Problem description:
Give the lines below again, exactly as they stand, and leave out the images.

Given information:
-*-
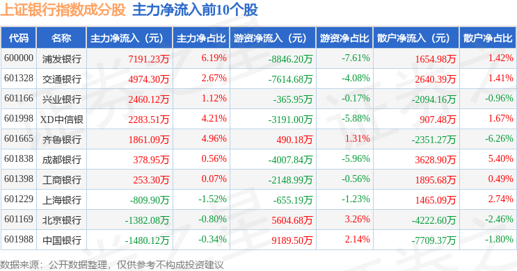 资金流向方面,上证银行(000134)指数成份股当日主力资金净流出合计11.22亿元,游资资金净流入合计4.01亿元,散户资金净流入合计7.21亿元。成份股资金流向详情见下表:
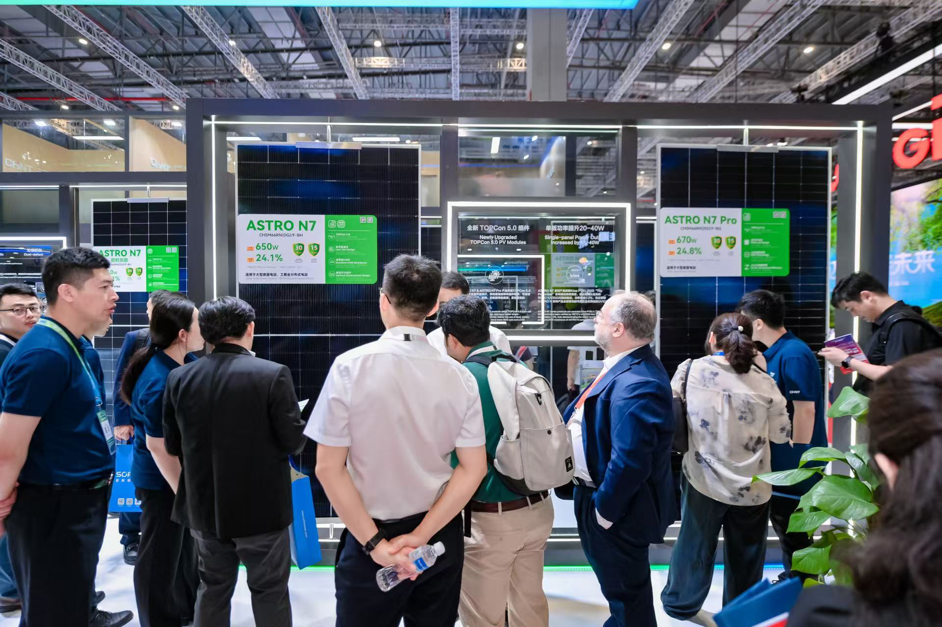 工作人员介绍,ASTRO N7是公司多场景应用的标杆产品,凭借210R矩形硅片与TOPCon 5.0电池技术的融合,最高效率达24.1%。尺寸设计、低开压设计等多维度创新,有效降低了产品运输成本,同时提升组串功率,最终降低BOS成本及LCOE。
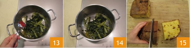 À la fin de la cuisson, retirez l'ail et le piment 13 et laissez tiédir 14. Enfin, occupez-vous du panettone. Du panettone milanais, bas et large, obtenez 8 tranches épaisses d'environ 1,5 cm. Assemblez celles qui ont la même taille pour éviter des sandwichs disproportionnés 15.
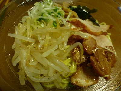 具には、もやし、ローストチキン、焼豚、ネギ、ワカメ、メンマ。
-*-
Your response:
 资金流向方面,上证银行(000134)指数成份股当日主力资金净流出合计11.22亿元,游资资金净流入合计4.01亿元,散户资金净流入合计7.21亿元。成份股资金流向详情见下表:
 工作人员介绍,ASTRO N7是公司多场景应用的标杆产品,凭借210R矩形硅片与TOPCon 5.0电池技术的融合,最高效率达24.1%。尺寸设计、低开压设计等多维度创新,有效降低了产品运输成本,同时提升组串功率,最终降低BOS成本及LCOE。
 À la fin de la cuisson, retirez l'ail et le piment 13 et laissez tiédir 14. Enfin, occupez-vous du panettone. Du panettone milanais, bas et large, obtenez 8 tranches épaisses d'environ 1,5 cm. Assemblez celles qui ont la même taille pour éviter des sandwichs disproportionnés 15.
 具には、もやし、ローストチキン、焼豚、ネギ、ワカメ、メンマ。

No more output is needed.